An Open Letter to my Body
*Warning: Has the potential to be extremely triggering. Please only read if you feel comfortable in your recovery*
Just a couple weeks ago, we celebrated our 24th anniversary together. Wowee we're old! I’m writing this because I’ve been a pretty shitty partner over those 2 plus decades. I never took the time to thank you for the things you’ve done for me. I took the things you’ve allowed me to do for granted. So hear me out. And most of all, I just want you to know the immense gratitude I have for you.
To my legs:
I’m sorry for thinking you were too big when I tried squeezing you into Hollister and Abercrombie jeans in middle school. I never appreciated how strong you were instead. You’ve taken me on long runs, difficult hikes to see some of the most beautiful parts of the earth that I’ll remember forever, and allowed me to succeed at a sport that has brought me pure joy and some of the best friendships I’ve ever had. You take me around the city, allow me to make a living, and go to school by being my mode of transportation.
Forgive me for looking at you in pure disgust when I saw cellulite on you. You know, when I sat down in shorts, when I walked past a store and saw your reflection in the window, or when I was trying on bathing suits in the Target fitting rooms and that rear mirror showed me a new angle of you I rarely saw. Cellulite is completely normal, and in my case, actually means I now have the fat on my body to support my hormones.

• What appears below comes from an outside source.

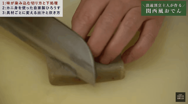真正的關東煮絕對不是煮半成品那麼簡單,不僅很多都需要手工製作,一些看似很天然只需切分的食材,也是需要經過預處理才能達到最佳的口感。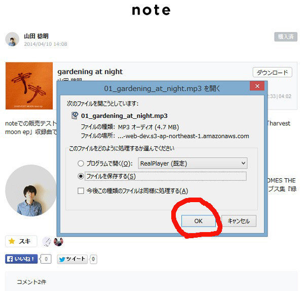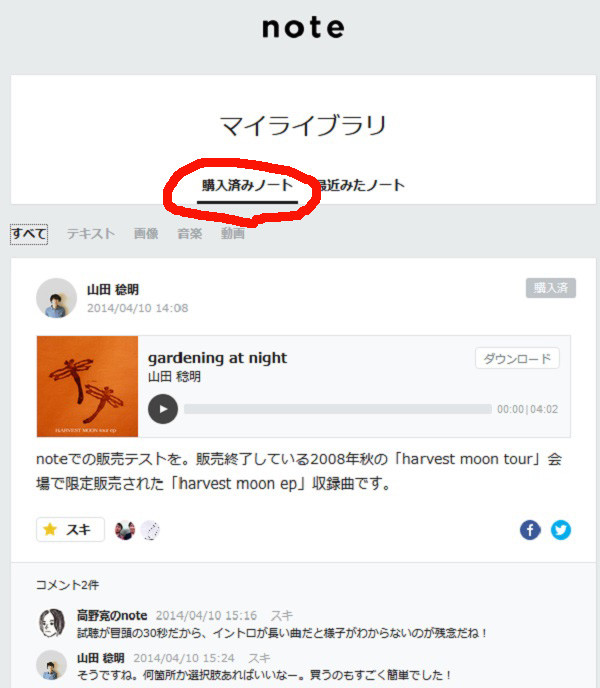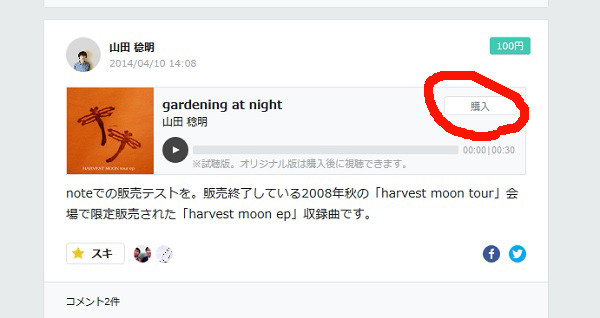 4月7日にサービスがはじまったところ、早速PANDA 1/2や高野寛さん、GOMES THE HITMANの山田稔明さんがアカウントを取得して、MP3音源の販売を行っていたので、私も試しに買ってみました。

I know I always compared you guys to women with “legs for days,” but you’re proportionate to my body, and have allowed me to do so much, and I thank you for that.
To my stomach:
You know how in The Wizard of Oz when Dorothy tells the scarecrow she’ll miss him the most? I feel like I need to apologize you the most. I don’t even know where to start. I’m sorry for never thinking you were flat enough. For pinching/touching/probing/ and staring at you in the mirror wondering why you didn’t look different.
I’m thankful for you. When the 4 month year old I nanny rests easy on my soft stomach comfortably, when I realize I feel no different without abs than when I had them, or when I allow you to extend and take deep, calming belly breaths. I appreciate the pure magic you do through digestion. Instead of getting mad at you for bloating, I’m blown away with what you do to help give my body the energy it needs to survive and do the things I love with vigor.
Oh and don't listen to what I said before. You can rock that crop top. You don't have to skip meals to do so.
To my arms:
Remember when I would just pinch you right under the bicep area and wonder why there was something to grab on to? Yeah sorry about that. You look beautiful in tank tops and sleeveless shirts. Words will never be able to thank you enough for allowing me to participate in sports, and carrying all my shit around on the reg (I am a bag lady lol).
To my breasts, you are fine the way you are, and your size makes me no more or less of a woman. To my calves, thank you for being strong and allowing me to sprint and squat. To my back area that spills over my bra, there’s literally nothing wrong with you, and to be honest, if it weren’t for mirrors, I would have never said those mean things about you.
And when it comes down to it, it was never really about you anyway.
Unfortunately I always made you the issue when it was really about other shit in my head I was dealing with.
But you're just my outer shell and my means of transportation in this thing called life. You protect me, give me energy, and allow me to live comfortably. That's all I can ask for. Looking a certain way on the outside makes me no better a person on the inside.
You don’t need to look like anyone other than who you are now. I am eternally grateful for your strength, health, energy, and everything you’ve allowed me to do and see over these years. I’d be nowhere without you.